Used to assess a player's maximum strength in exercises such as the squat, deadlift, or bench press. This test measures the maximum amount of weight a player can lift in a single repetition.

Vertical jump test

Although often associated with power, the vertical jump can also provide information about lower body strength. The player is asked to jump as high as possible from a static position, and the height of the jump is measured.

Isometric strength test

This test measures the force generated by a player without movement, such as holding a squat position against a wall (sitting wall test).

Importance of Strength in Football: Strength is essential for maintaining balance, protecting the ball from opponents and performing actions such as long-range shooting. Players with good strength tend to be more resistant to injury and more effective in physical contact situations.

2. Power Assessment

Power is the ability to generate force quickly. In football, this is seen in explosive actions such as sprints, jumps and changes of direction. Power can be assessed through dynamic tests:

Countermovement Jump (CMJ) Test

This test measures the height achieved in a jump after a quick squat. Power is assessed by jump height, which reflects the ability to convert force into explosive movement.

30 meter sprint test

Assesses the player's ability to accelerate quickly, a key component of power. The time to travel 30 meters from the starting position is measured, reflecting the player's explosiveness.

Importance of Power in Football: Power is crucial for many actions in football, such as outpacing opponents in short sprints, jumping to head the ball and shooting with power. Players with high power can make a difference in decisive moments of the game.

3. Resistance Assessment

Endurance is the ability of a player to sustain prolonged physical activity while maintaining performance. In football, aerobic endurance (the ability to sustain moderate effort for long periods) and anaerobic endurance (the ability to sustain intense effort for short periods) are both important. Endurance can be assessed by:

Intermittent Yo-Yo Test

This is one of the most widely used tests in football to assess specific endurance.
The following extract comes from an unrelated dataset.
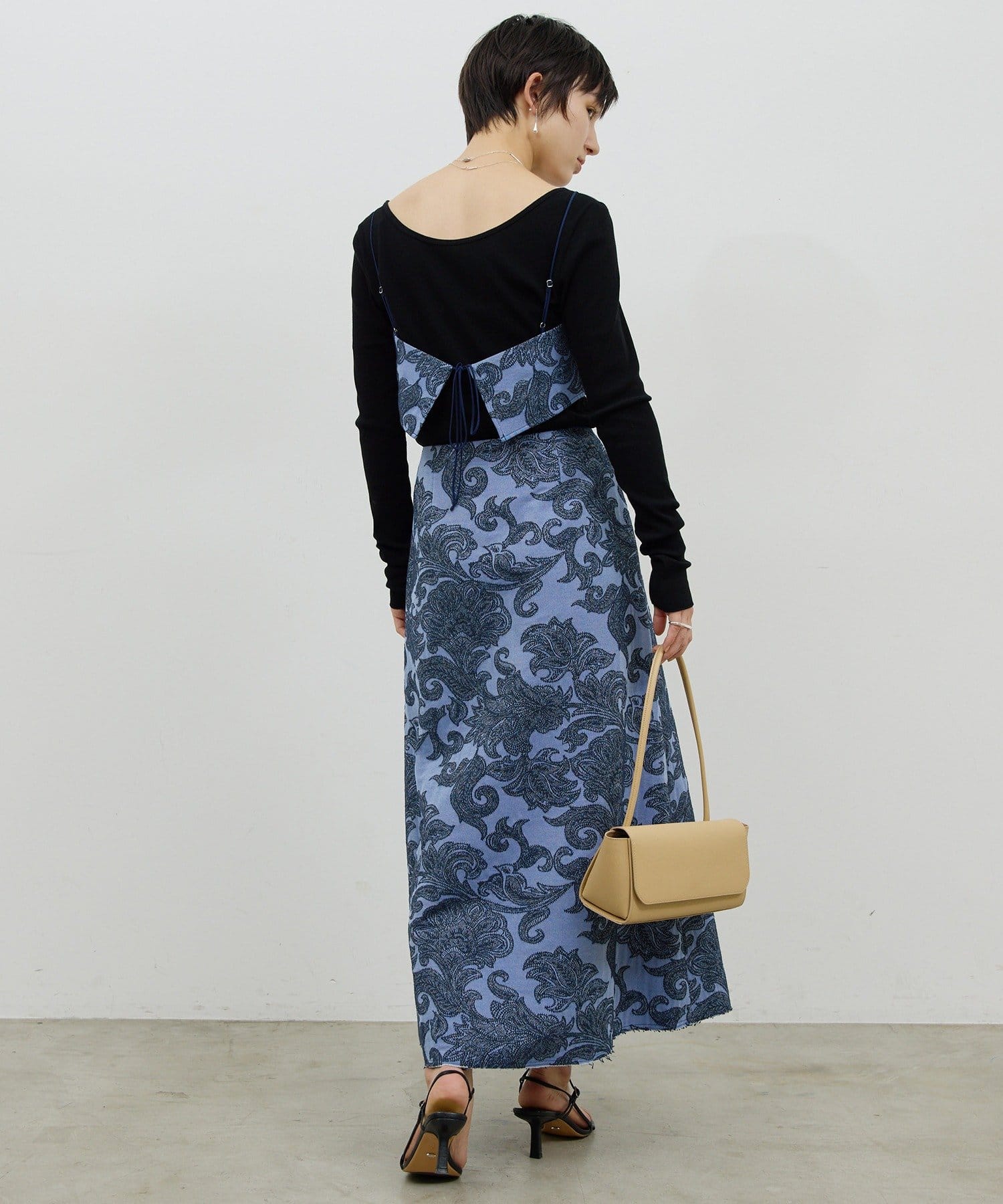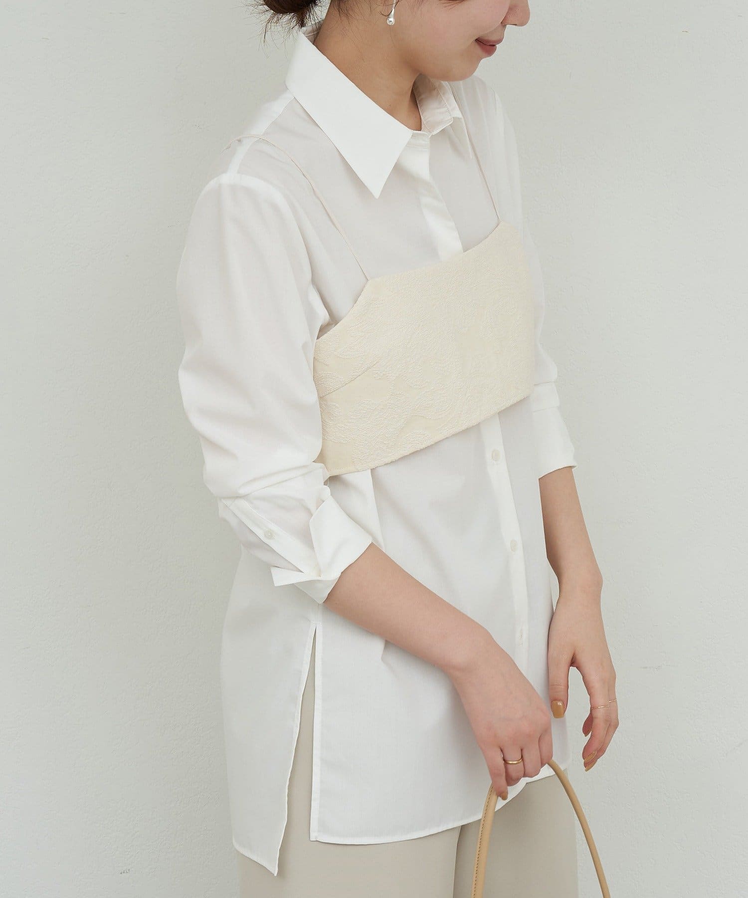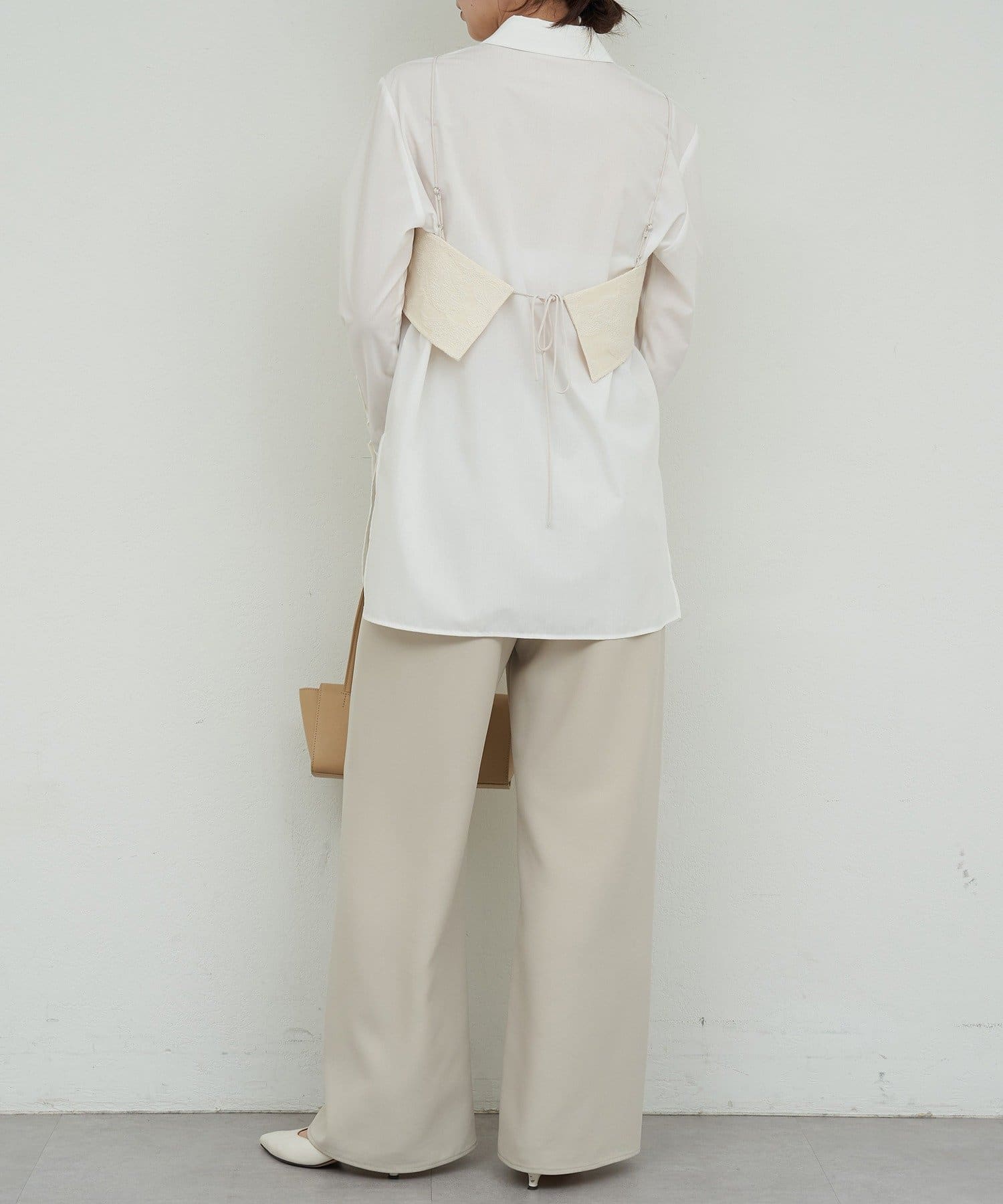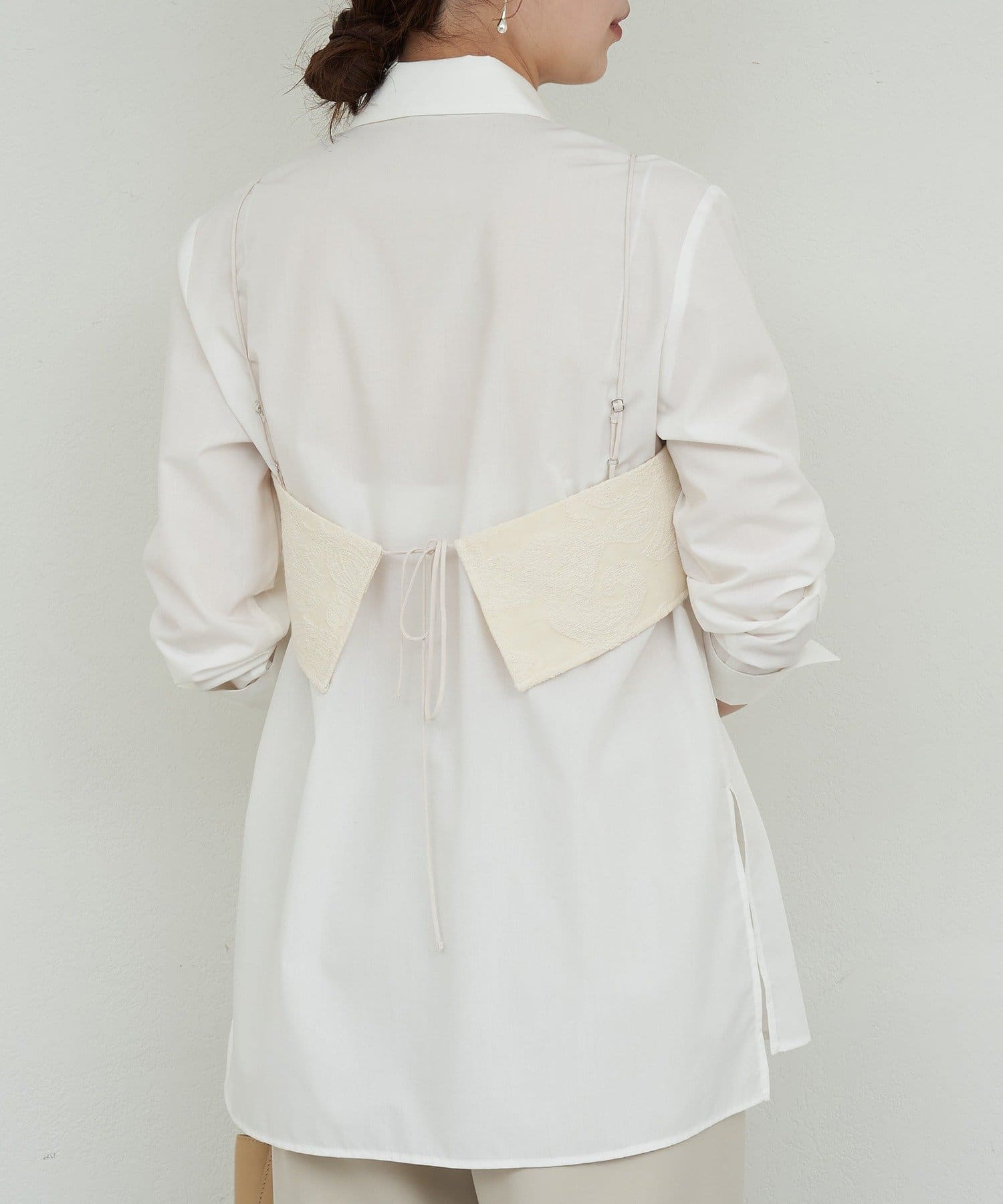 ●華奢で女性らしい肩紐とバックリボンで長さの調節が可能。

Players run 20 metres, with short breaks, and the speed increases progressively. The test continues until the player is no longer able to maintain the pace, measuring recovery capacity and endurance.

Continuous running test (Cooper test)

Measures the distance a player can run in 12 minutes. This test assesses aerobic endurance and is useful in determining a player's overall physical condition.

Importance of Stamina in Football: Stamina allows players to maintain a high level of performance throughout the game. Without good stamina, players become fatigued quickly, which can affect decision-making, passing accuracy, and the ability to maintain defensive and offensive intensity.

4. Speed ​​Assessment

Speed ​​is the ability to move quickly, crucial for outpacing opponents and responding to rapid changes in play. In football, speed can be assessed through several tests:

10 meter sprint test

Measures a player's initial acceleration, which is essential for reacting to short plays and reaching the ball first.

40 meter sprint test

Assesses top speed. This test is important for situations where the player needs to run long distances at high speed, such as in counterattacks.

Speed ​​test with change of direction (Agility Test)

Tests such as the T-Test or the Illinois Agility Test measure a player's ability to change direction quickly, which is essential for dribbling past opponents and defending.

Importance of Speed ​​in Football: Speed ​​is one of the most valued characteristics in modern football. Fast players can create attacking opportunities, recover loose balls and adjust quickly to dynamic situations on the pitch.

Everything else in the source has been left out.